Based on the information given, it is not possible to say with certainty whether a donation program similar to that described in the flier would actually constitute a fair lending violation. However, any time you extend inducements to only a subset of the population based on criteria other than their financial qualifications---even if the exclusionary criteria is not overtly directed at a protected class and even if it has a laudable charitable purpose---there is an increased risk of disparate impact on such a protected class and, hence, a potential fair lending violation.  

2.       RESPA

The “lender credit” offered in the flier described is directed at “Fellow Parents and Faculty” and promises that “If you purchase or sell a home with me I will donate $300 back to our classrooms.” This offer could constitute a violation of Section 8 of the Real Estate Settlement Procedures Act (RESPA), which reads in pertinent part:

“No person shall give and no person shall accept any fee, kickback, or thing of value pursuant to any agreement or understanding, oral or otherwise, that business incident to or part of a real estate settlement service involving a federally related mortgage loan shall be referred to any person.”

There are three elements to an illegal kickback under RESPA: (1) a “thing of value,” (2) an “agreement or understanding,” and (3) a “referral” of a real estate settlement service [2] (mortgage origination is a “settlement service”).  If any of these three essential elements is missing, the activity is not illegal under RESPA. Here, however, a donation of $300 “back to our classrooms” is clearly a “thing of value,” at least for the teachers and parents of the children whose classrooms would receive the donation.

On its face, the donation is offered to the persons who actually “purchase or sell a home with [the broker].” That supports an argument that the offer is only a type of “lender credit.” However, the funds are going to other parties in addition to the borrower --- “our classrooms” --- as the result of which the parents and teachers of children in those classrooms presumably benefit. The flier is apparently distributed to those same persons, such that there is a built-in inducement for them to “refer” other persons to the broker in order to increase the donations to “their” classrooms, thus satisfying the second and third requirements of Section 8.  For these kinds of “donation” arrangements to work under RESPA Section 8, the beneficiary of the donation should not also be the person from whom referral of business is sought, no matter how salutary the charitable purpose of the donation.  

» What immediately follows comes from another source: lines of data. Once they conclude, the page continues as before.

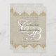 Mähdrescherspitze, Damast, beige Leinen- oder Leinwandblick, Gold und Diamanten, Initialen eines Vintage Skript-Schriftartes für Ihr Monogrammhochzeitslogo und Sie haben alle Elemente für eine Landhochzeit oder Vintage themed Hochzeit. Diese Hochzeitseinladungskarte hat rustikale Entwurfselemente mit ihr hat GEDRUCKT beige Leinenhintergrund und Vintages Spitzedamastmuster, dennoch wird verfeinert mit dem verzierten extravaganten GoldDruckWirbel und den kleinen Diamanten in einem verwickelten Muster, das mit Ihren Braut- und Bräutigaminitialen im Weiß- und Hochzeitseinladungstext im Grau mit Monogramm ist. Elke Clarke © MERKEN BITTE ALLE ELEMENTE WERDEN GEDRUCKT AUF der FLACHEN OBERFLÄCHE. Ein traditioneller Text für die Einladung in einem Skript-Schriftart der grauen und lila Arbeiten gut mit dem trendy Blick des beige Leinens oder der Leinwand wie das Gewebe zusammengepaßt mit weißer Spitze. Sie fügt eine Touch von whimsy diesem romantischen Entwurf hinzu. Für Hilfe bitte mit luxuryweddinginvitations@gmail.com in Verbindung treten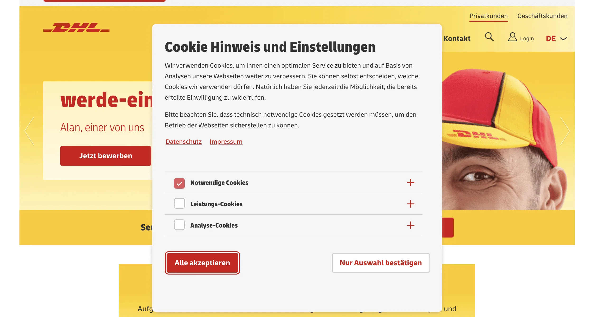 This example explains why cookies are set in the first place. Furthermore, the classification into the individual cookie groups is directly visible – without the user having to click through the banner several times. No reject button is presumably allowed here, because by default all groups that are not necessary can be selected and deactivated. The user can therefore simply decline via the “Confirm selection only” (“Nur Auswahl bestätigen”) button. The only thing that is noticeable in this example is that in the details of the third-party cookies, it is not specified which provider sets the cookies and its privacy policy is missing. Apart from that, only the reference to the protection of minors is missing.
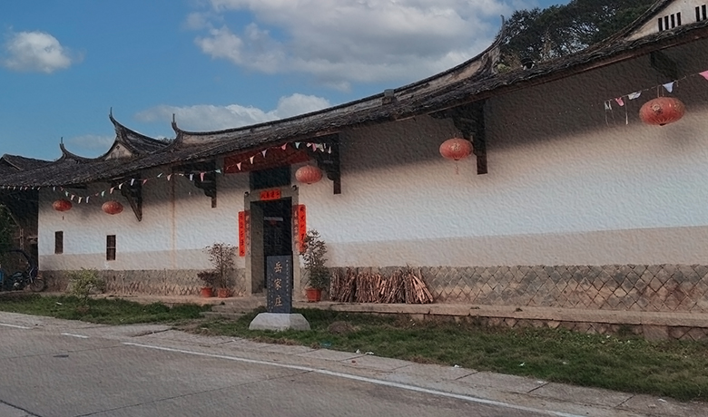 在老街区一片古厝建筑群的深处,有一座以主人名字命名的“黄栋起古厝”,简称“栋起厝”,建于清宣统元年(1909年),距今112年。其占地总面积3000多平方米,建筑用地仅550平方米。厝前有宽敞大气的埕地,远处是连绵群山相朝,堂前明亮,阳气充足;全厝周边有完整的围墙,转斗大门、两旁耳门一应俱全;埕坪、廊沿、沟坎虽河卵石铺砌,却皆平直夷坦、高低有秩,边角缀以草坪、花圃、绿树、竹影以及陶石摆件,是一座花园式的古厝。

Adoption of a charitable donation-type marketing program modeled on the realtor ad described carries increased legal and regulatory risk. It is theoretically possible to mitigate, but not entirely eliminate those risks. In the end, whether to go forward with such a program, given those risks, is a business judgment decision for management.    
Michael Pfeifer
Director/Legal & Regulatory Compliance
Lenders Compliance Group 


[1] These statutes include: The Fair Housing Act (FHA) 42 USC 3601 et seq.; Equal Credit Opportunity Act (ECOA) 15 USC 1691 et seq; CFPB Supervision and Examination Manual, Ver. 2, Part II(C), Equal Credit Opportunity Act; Home Mortgage Disclosure Act (HMDA) 12 USC 2801 et seq.
[2] A settlement service includes any service provided in connection with a prospective or actual real estate settlement. (12 C.F.R. §1024.2(b).) The making of a mortgage loan is a “settlement service” (Ibid.)